Shares were off more than 20 percent on the results after closing down about 1.5 percent for the day to $22.96. The company had a recent market capitalization of $26.57 billion.
Snap, which calls itself a camera company, reported revenue for the three months through March of $149.65 million, up 286 percent from the year-ago period. Analysts on average expected revenue of $157.98 million for the quarter.
The company saw net losses widen to $2.21 billion, or $2.31 a share, from about $104.58 million, or 14 cents a share. Analysts had forecast a loss of 19 cents a share. The company attributed about $2 billion of those losses to stock-based compensation plans, including an award to chief executive officer Evan Spiegel.
Adjusted earnings before interest, taxes, depreciation and amortization for the quarter widened more than 100 percent to a loss of $188.24 million.
Amid the financial results, the company shed light on some key performance metrics for the quarter. Its daily active user base rose 36 percent from the year-ago period to 166 million in the March quarter. Average revenue per user rose 181 percent to 90 cents.
“I think the big issue with advertising over the next decade is going to be education,” Spiegel said on a call with analysts. “I think, now really, it’s an education process and I think early adopters are seeing great results and so we’ve just got to keep showing people how Snap can work for them and drive ROI.”
Chief strategy officer Imran Khan said during the call that users are spending more than 30 minutes a day on Snapchat, driven by a surge in content. He pointed specifically to the company’s Oscars content, which he said generated more than 250,000 submissions from users, garnering more than 21 million unique views.
On the advertising side, Khan told analysts the company is focused on product enhancements, buildout of tools for both large and small advertisers and helping brands measure the effectiveness of their ads on Snapchat.
The executive mentioned the company’s Snap to Store feature, which lets advertisers track traffic from the app into their stores, as one of several examples of how the company is partnering and helping advertisers. Retailer Hollister ran a holiday campaign on Snapchat and within seven days saw more than 63,000 users visit one of their U.S. stores, according to Khan.

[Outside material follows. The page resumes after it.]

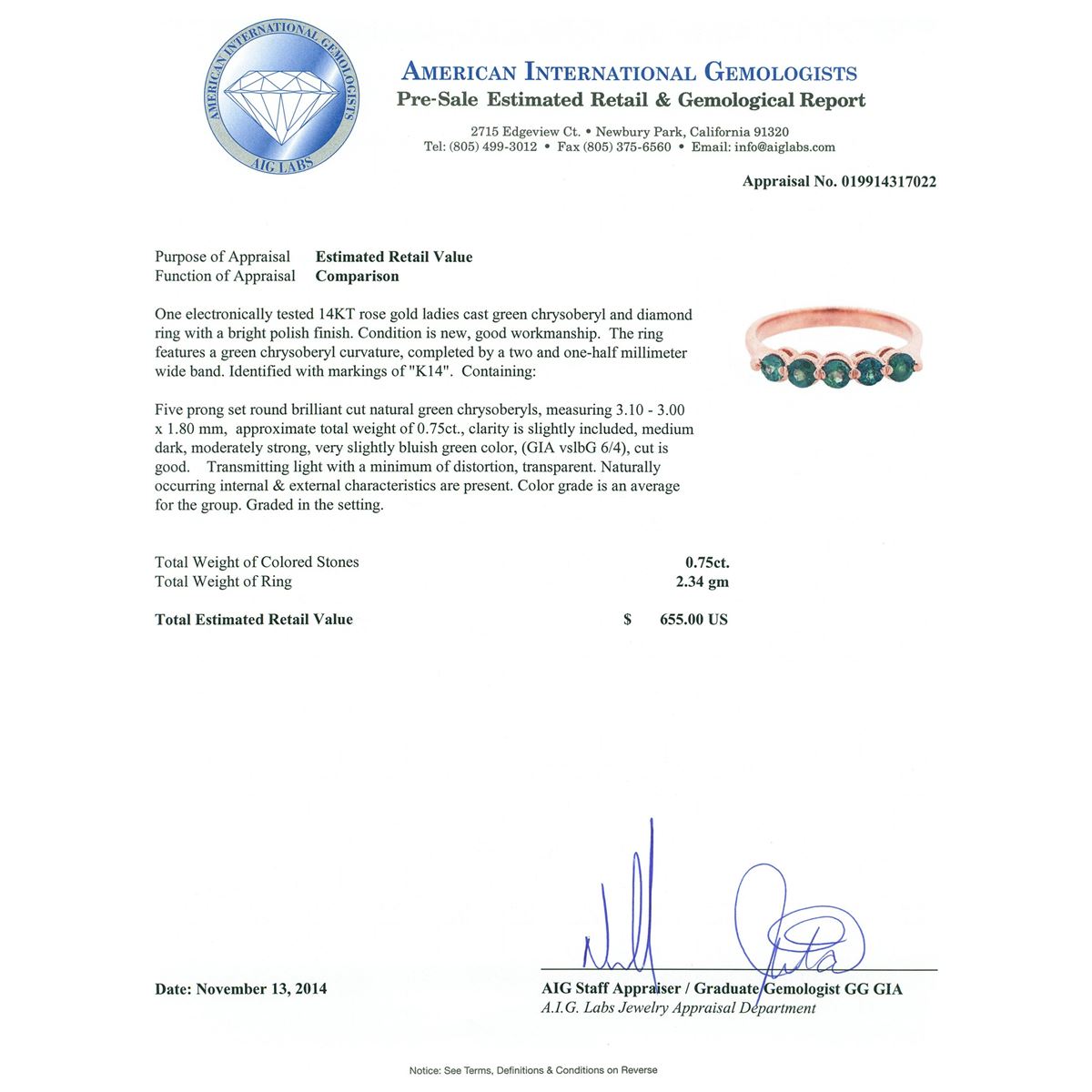 One electronically tested 14KT rose gold ladies cast green chrysoberyl and diamond ring with a bright polish finish. The ring features a green chrysoberyl curvature, completed by a two and one-half millimeter wide band. Identified with markings of "K14". Condition is new, good workmanship. Containing: Five prong set round brilliant cut natural green chrysoberyls, measuring 3.10 - 3.00 x 1.80 mm, approximate total weight of 0.75ct., clarity is slightly included, medium dark, moderately strong, very slightly bluish green color, (GIA vslbG 6/4), cut is good. Transmitting light with a minimum of distortion, transparent. Naturally occurring internal & external characteristics are present. Color grade is an average for the group. Graded in the setting. Total Weight of Colored Stones 0.75ct. Total Weight of Ring 2.34 grams. AIG Appraised at $655.00.

The overall business remains in investment mode, chief financial officer Drew Vollero said during the call.
The company’s lone physical product, its camera-enabled Spectacles, remains a “modest” business, Vollero said, and brought in a little more than $8 million for the quarter.
Snap didn’t provide any financial guidance for the current quarter and nor did executives offer much of a glimpse into the product pipeline.
“I think at this point, we’re kind of famous on not giving guidance on the product pipeline.…It should be a fun rest of the year,” Spiegel said.